# Building a Spam Filter with Naive Bayes

We're going to study the practical side of the algorithm by building a spam filter for SMS messages.

To classify messages as spam or non-spam, we saw in the previous lesson that the computer:

- Learns how humans classify messages.
- Uses that human knowledge to estimate probabilities for new messages — probabilities for spam and non-spam.
- Classifies a new message based on these probability values — if the probability for spam is greater, then it classifies the message as spam. Otherwise, it classifies it as non-spam (if the two probability values are equal, then we may need a human to classify the message).

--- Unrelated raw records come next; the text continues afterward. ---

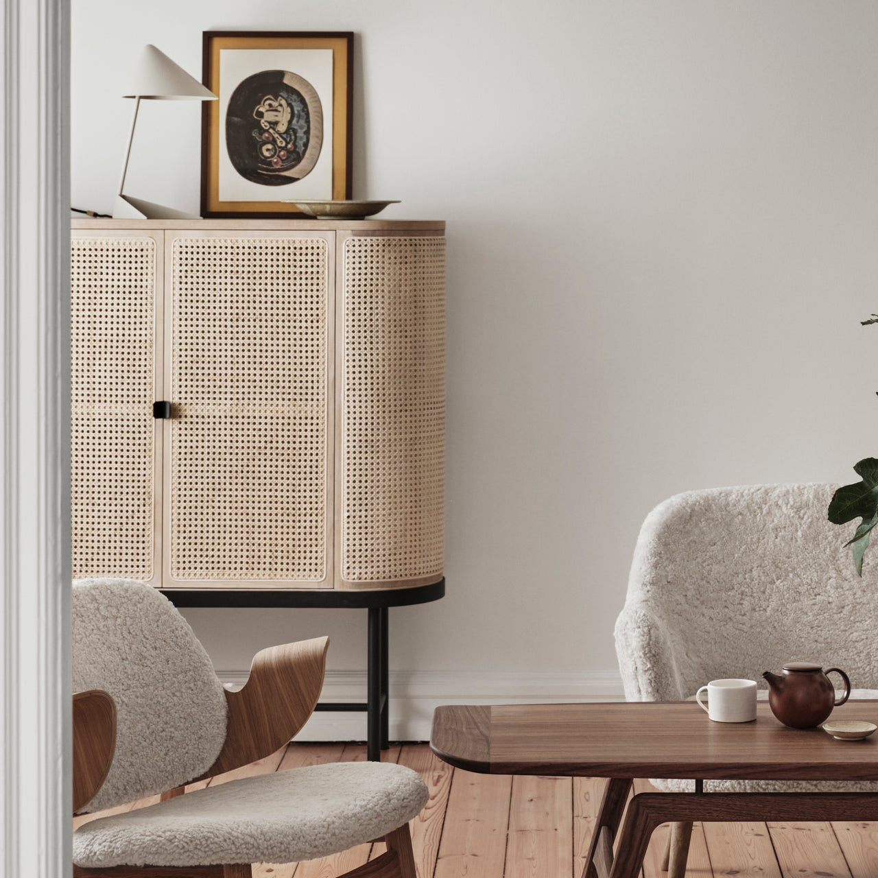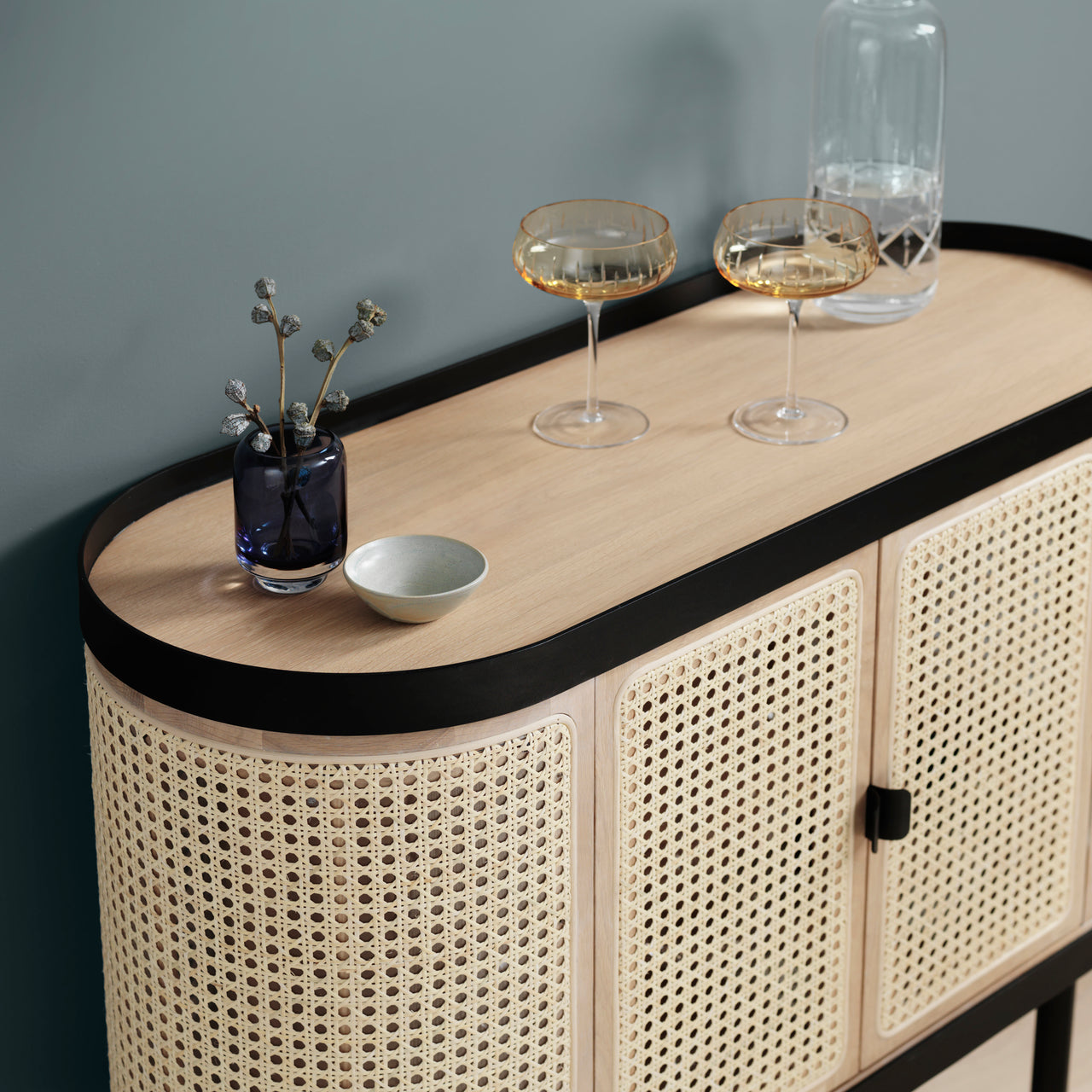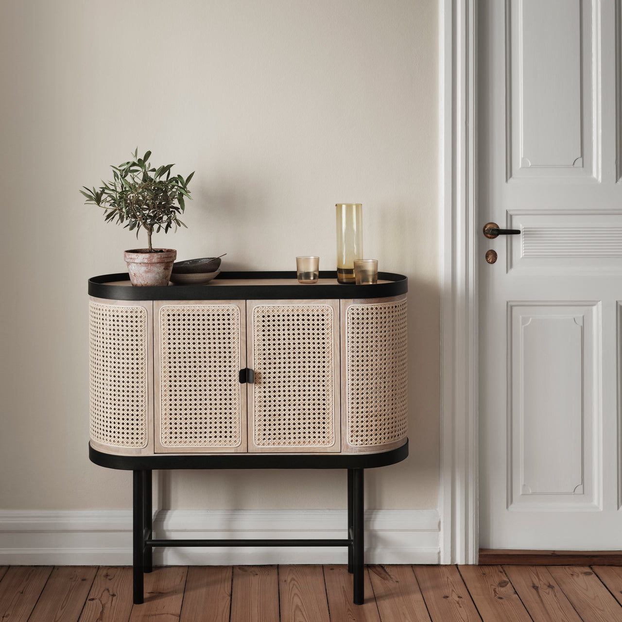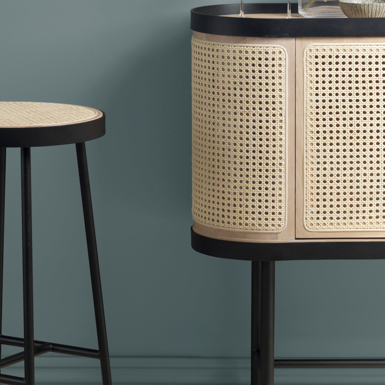 Warm Nordic adds an elegant bar cabinet in natural wood and wicker with a characteristic black frame to its Be My Guest range that also functions as decorative storage in a living room, office or bedroom. Harmonious round corners and the translucent materiality of woven French cane combined with oak ensure a warm radiance while the inky metal frame brings bracing contrast.
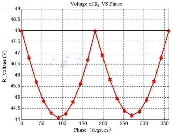 In the reverse power transfer mode, the phase shift method is applied with S and S are driven together and ahead of the S and S drive signal. The open-loop simulation is built in PSIM to get the characteristic of the power transmission among phase shift. The parameter is the same as the forward simulation mode, and the load is changed to be the source load, 48 V DC load is connected to the output port. The simulation makes S and S drive signal lead ahead than the signal of S and S, scan the phase from 0 to 360 degrees, and the curve of the input and output power along with the phase is shown in Figure 16, and the curve of the voltage on R shown in Figure 17.
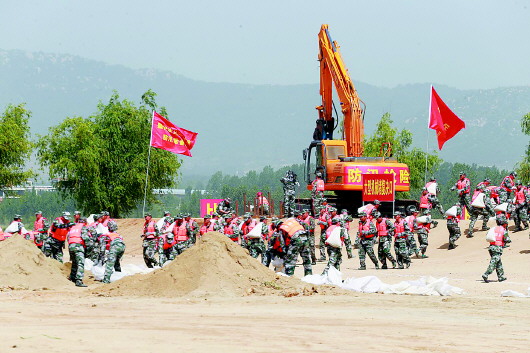 2020年,国家防总山东省防指防汛抢险联合应急演练现场,救援队伍正在进行实战演练。
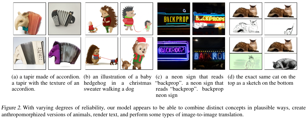 Figure 2에서는 DALL-E 모델의 zero-shot의 예시를 보여준다.
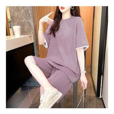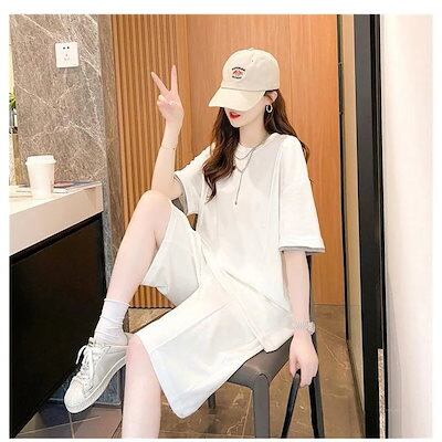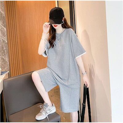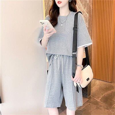 ジャージ Tシャツ ジム レディース ゆったり ランニング 部屋着 半袖 運動服 セットアップ スウェット スポーツウェア ハープパンツ ルームウェア 上下セット 夏 大人気
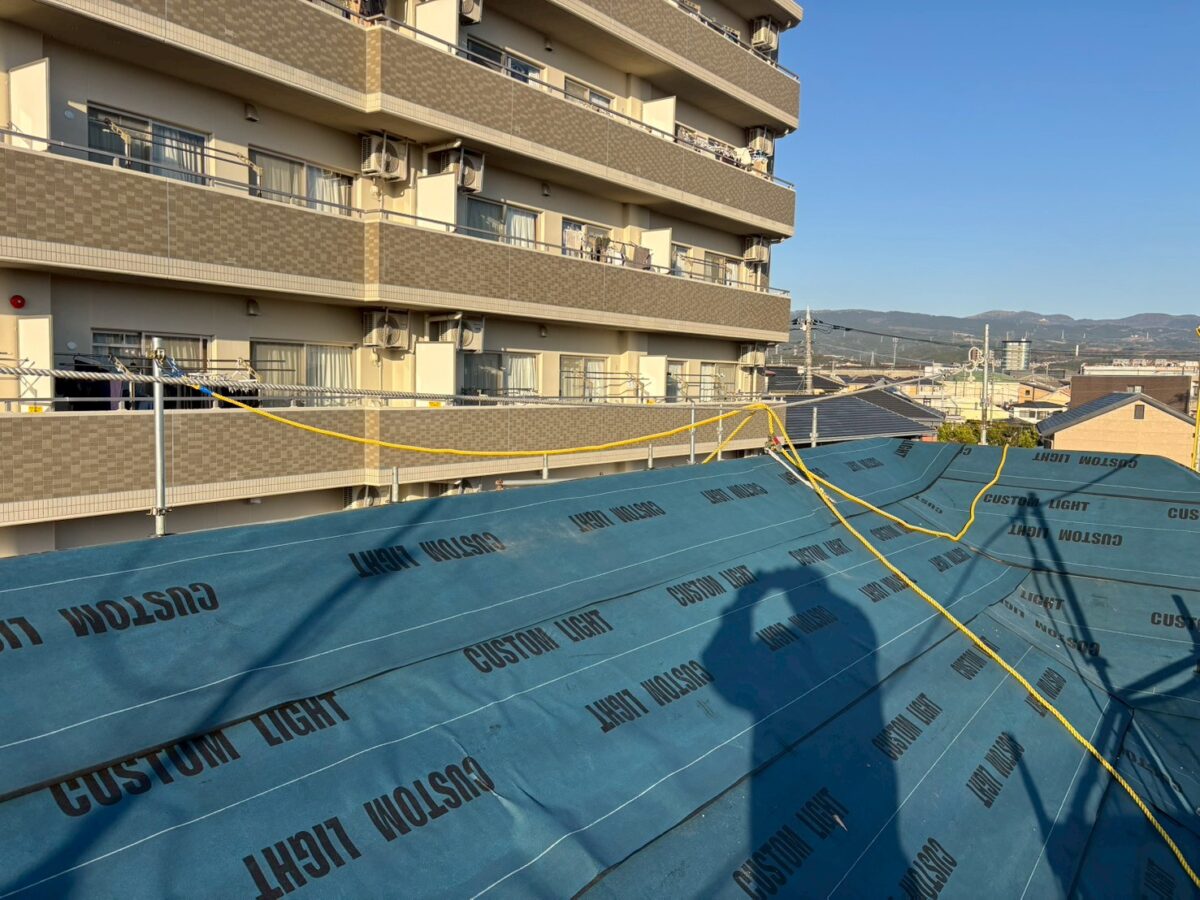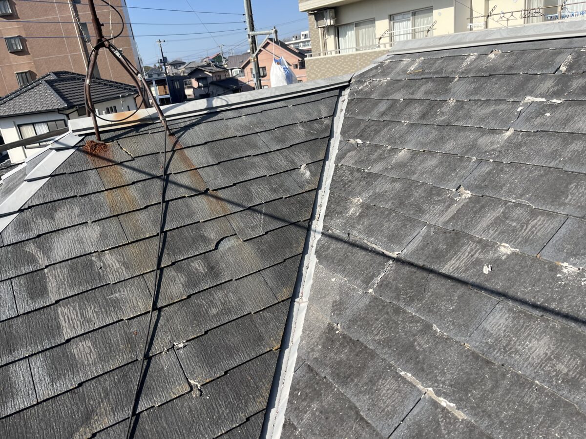 マックスハイプルーフを施工する現場の初日です!コチラは勾配が6寸勾配と屋根足場を設置するかどうかの微妙なところで、屋根足場を設置すれば滑る事を気にせずに出来るのですが作業がやり難いし足場解体の時にキズや足場屋さんが滑るしと、なかなか難しいジャッジでしたが親綱と子綱を張り巡らせて慎重に作業する事にしました、化粧スレートも年数が経つと表面に粉が吹いてきて、それにより凄く滑ります私も現場調査の時には非常に怖かったです、でも一旦ルーフィングを貼ると滑らなくなります、問題はマックスハイプルーフを施工した次の日です初日は何故か滑らないのですが、2日目は滑りますフッ素塗装特有の習性ですが、施工前の粉の状態よりは良いかな?位の滑り具合です、天窓も2箇所撤去し後日施工して行きます。
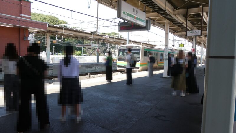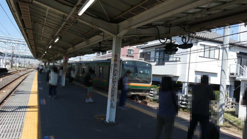 ホームの日陰で10分ほど待ったろうか、上野東京ライン小田原行き列車が到着する。 次の籠原で増結する車両に乗り換えるので適当な車両に乗り込んで1駅だけ立って移動。
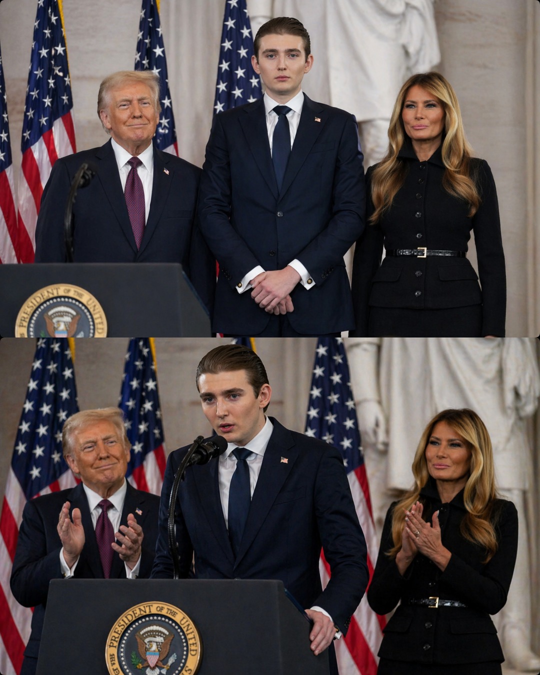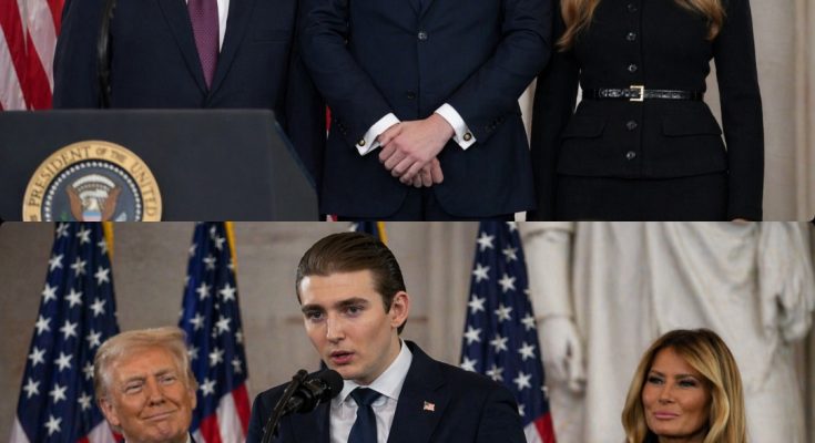 Between them, Barron Trump followed, noticeably taller than many remembered, carrying himself with a quiet confidence.
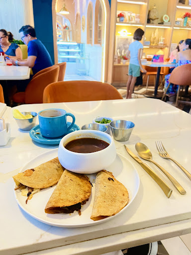 La comida está muy rica, es la tercera vez que voy al restaurante, los precios están en el rango de este tipo de restaurantes, tienen un excelente pan. Sin embargo, el día de ayer que fue mi tener visita, fuimos a desayunar, pedimos entre otras cosas 2 órdenes de chilaquiles, como acompañamiento huevo, le dije al mesero que quería el huevo revuelto y si podría separarlo en 2 platos, lo cual me dijo que no había problema, para los segundos chilaquiles se pidió huevo estrellado. Al momento de servir no llegaron los huevos estrellados, así que lo hice ver al mesero, al probar los chilaquiles nos percatamos que unos venían con pollo, lo cual se hizo del conocimiento del mesero pero decidí que se quedarán en la mesa (ya se habían probado, y para mí es un desperdicio regresarlos para que me dieron unos sin el pollo), pero si le pedí que los huevos estrellados me los trajeran, tal como se habían ordenado, el problema fue al momento de pagar la cuenta, si se me hizo muy elevado el precio y al revisarla me percaté que nos cobraron el pollo extra (aproximadamente 90 pesos) y una orden de huevos estrellados también me la cobraron como extra (con un costo de huevos al gusto de aproximadamente 140 pesos), pagué sin problema, pero si me quedé con eso de que fue equivocación de ellos, y sé que probablemente el mesero es el que lo marcó mal y como en algunos lados se los cobran a ellos, tal vez el por eso lo marcó a mi cuenta, pero creo que hay maneras mejores para solucionarlo como que él lo hablara con su gerente, aunque el encargado no el mesero fue el que entregó los huevos estrellados. En fin, me quedé con ese amargo sabor de boca, así que si ustedes van y les entregan algo mal revisen y pidan la rectificación y...
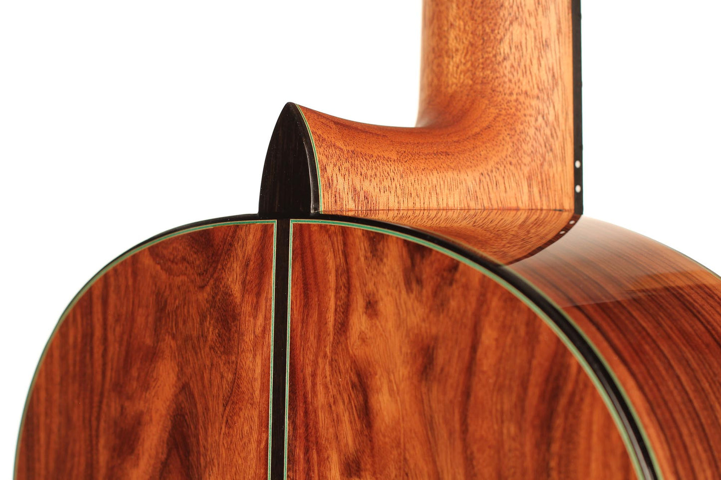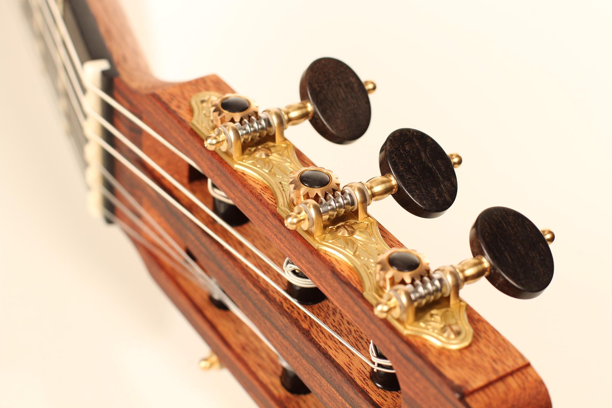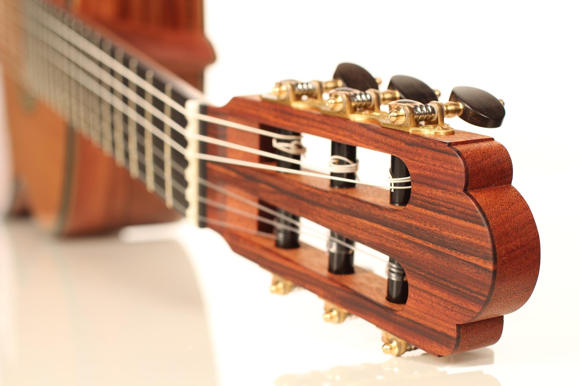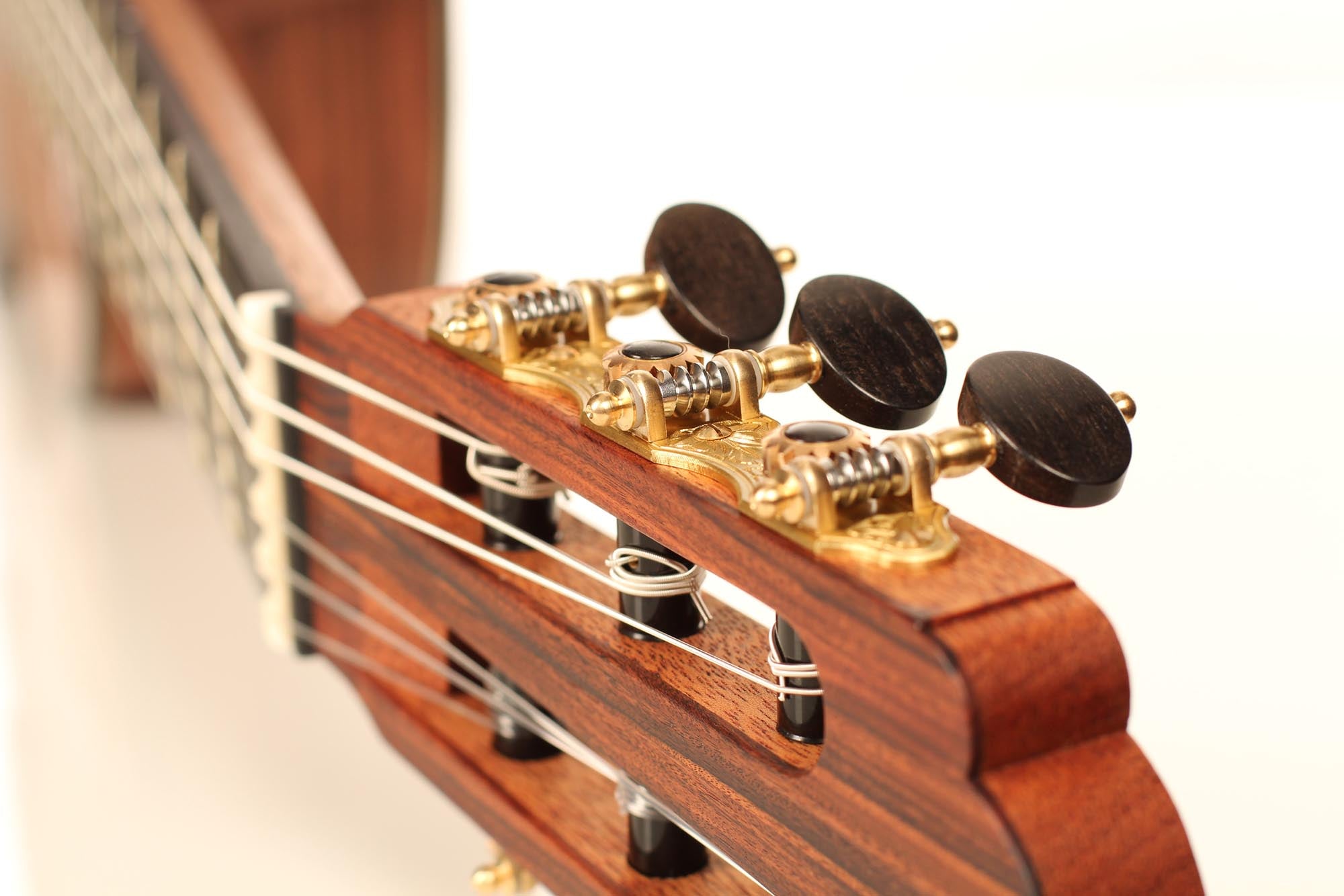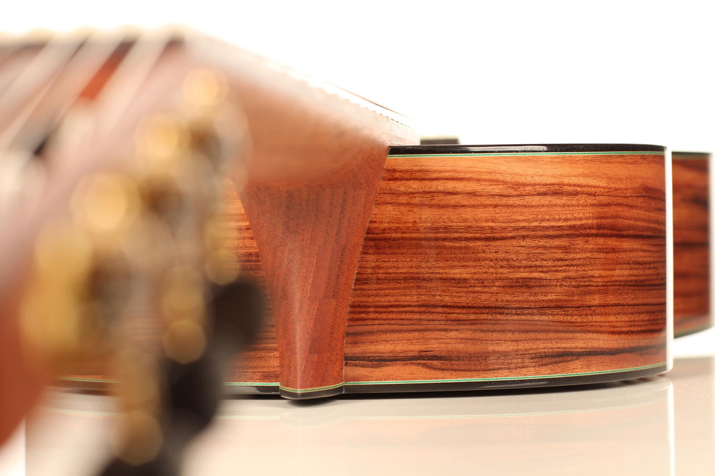 This guitar was inspired by the work of Antonio de Torres and follows the idea of a modern interpretation of the traditional Spanish guitar. It is therefore an instrument with a fine colourful tone, very sensible to the stroke and expressing and charming timbre. Nevertheless, some details remind us that this guitar is a contemporary concert instrument that can fill concert halls and some elements as the elevated fingerboard and the waxed neck were built in order to optimise the playability.

So our first task is to "teach" the computer how to classify messages. To do that, we'll use the multinomial Naive Bayes algorithm along with a dataset of 5,572 SMS messages that are already classified by humans. You can also download the dataset directly from this [link](https://dq-content.s3.amazonaws.com/433/SMSSpamCollection).

In [1]:
import pandas as pd
sms = pd.read_csv('SMSSpamCollection', sep='\t', header=None, names=['Label', 'SMS'])
sms.head()

Unnamed: 0,Label,SMS
0,ham,"Go until jurong point, crazy.. Available only ..."
1,ham,Ok lar... Joking wif u oni...
2,spam,Free entry in 2 a wkly comp to win FA Cup fina...
3,ham,U dun say so early hor... U c already then say...
4,ham,"Nah I don't think he goes to usf, he lives aro..."


In [2]:
sms.shape

(5572, 2)

In [3]:
sms['Label'].value_counts(normalize=True) * 100

ham     86.593683
spam    13.406317
Name: Label, dtype: float64

## Training and Test Set

Now that we've become a bit familiar with the dataset, we can move on to building the spam filter.

However, before creating it, it's very helpful to first think of a way of testing how well it works. When creating software (a spam filter is software), a good rule of thumb is that designing the test comes before creating the software. If we write the software first, then it's tempting to come up with a biased test just to make sure the software passes it.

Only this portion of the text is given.